### Exercise prompt
Exactly as written, return all the data, leaving its pictures behind.

Start of Data under study

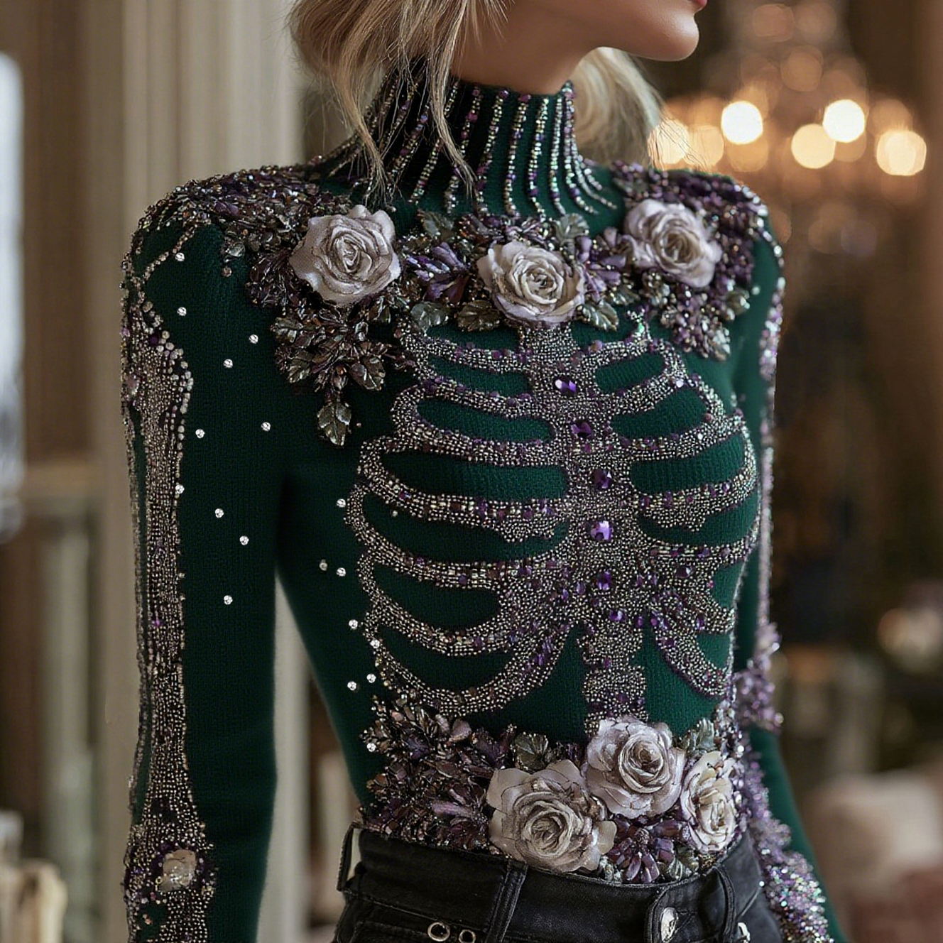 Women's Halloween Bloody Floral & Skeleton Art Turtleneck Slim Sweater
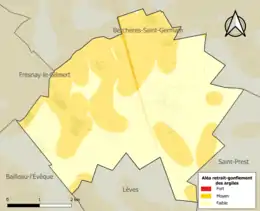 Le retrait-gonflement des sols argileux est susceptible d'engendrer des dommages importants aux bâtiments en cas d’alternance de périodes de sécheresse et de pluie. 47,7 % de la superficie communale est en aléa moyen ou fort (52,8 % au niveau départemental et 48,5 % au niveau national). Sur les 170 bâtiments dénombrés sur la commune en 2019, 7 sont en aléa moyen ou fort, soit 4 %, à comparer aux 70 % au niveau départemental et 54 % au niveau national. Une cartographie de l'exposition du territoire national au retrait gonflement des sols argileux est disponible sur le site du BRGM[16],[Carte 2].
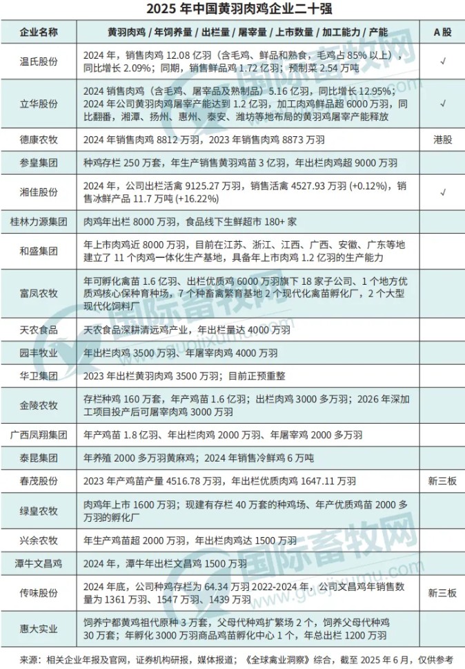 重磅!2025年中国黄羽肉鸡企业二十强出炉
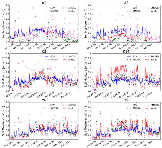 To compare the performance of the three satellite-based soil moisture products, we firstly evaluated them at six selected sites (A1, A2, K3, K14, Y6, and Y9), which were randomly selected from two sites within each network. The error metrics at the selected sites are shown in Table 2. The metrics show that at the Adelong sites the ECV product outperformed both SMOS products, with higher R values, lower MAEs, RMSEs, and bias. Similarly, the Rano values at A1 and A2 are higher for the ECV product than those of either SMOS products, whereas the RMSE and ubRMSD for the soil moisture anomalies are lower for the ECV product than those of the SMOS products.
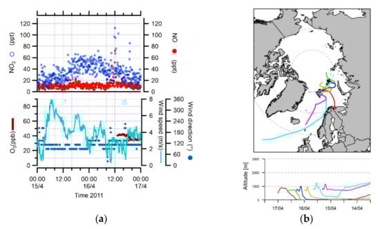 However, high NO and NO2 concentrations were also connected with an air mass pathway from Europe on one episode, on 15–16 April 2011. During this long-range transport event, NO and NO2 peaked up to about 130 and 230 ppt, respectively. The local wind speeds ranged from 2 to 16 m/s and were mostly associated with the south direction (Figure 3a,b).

End of Data under study

### Result of this exercise
 Women's Halloween Bloody Floral & Skeleton Art Turtleneck Slim Sweater
 Le retrait-gonflement des sols argileux est susceptible d'engendrer des dommages importants aux bâtiments en cas d’alternance de périodes de sécheresse et de pluie. 47,7 % de la superficie communale est en aléa moyen ou fort (52,8 % au niveau départemental et 48,5 % au niveau national). Sur les 170 bâtiments dénombrés sur la commune en 2019, 7 sont en aléa moyen ou fort, soit 4 %, à comparer aux 70 % au niveau départemental et 54 % au niveau national. Une cartographie de l'exposition du territoire national au retrait gonflement des sols argileux est disponible sur le site du BRGM[16],[Carte 2].
 重磅!2025年中国黄羽肉鸡企业二十强出炉
 To compare the performance of the three satellite-based soil moisture products, we firstly evaluated them at six selected sites (A1, A2, K3, K14, Y6, and Y9), which were randomly selected from two sites within each network. The error metrics at the selected sites are shown in Table 2. The metrics show that at the Adelong sites the ECV product outperformed both SMOS products, with higher R values, lower MAEs, RMSEs, and bias. Similarly, the Rano values at A1 and A2 are higher for the ECV product than those of either SMOS products, whereas the RMSE and ubRMSD for the soil moisture anomalies are lower for the ECV product than those of the SMOS products.
 However, high NO and NO2 concentrations were also connected with an air mass pathway from Europe on one episode, on 15–16 April 2011. During this long-range transport event, NO and NO2 peaked up to about 130 and 230 ppt, respectively. The local wind speeds ranged from 2 to 16 m/s and were mostly associated with the south direction (Figure 3a,b).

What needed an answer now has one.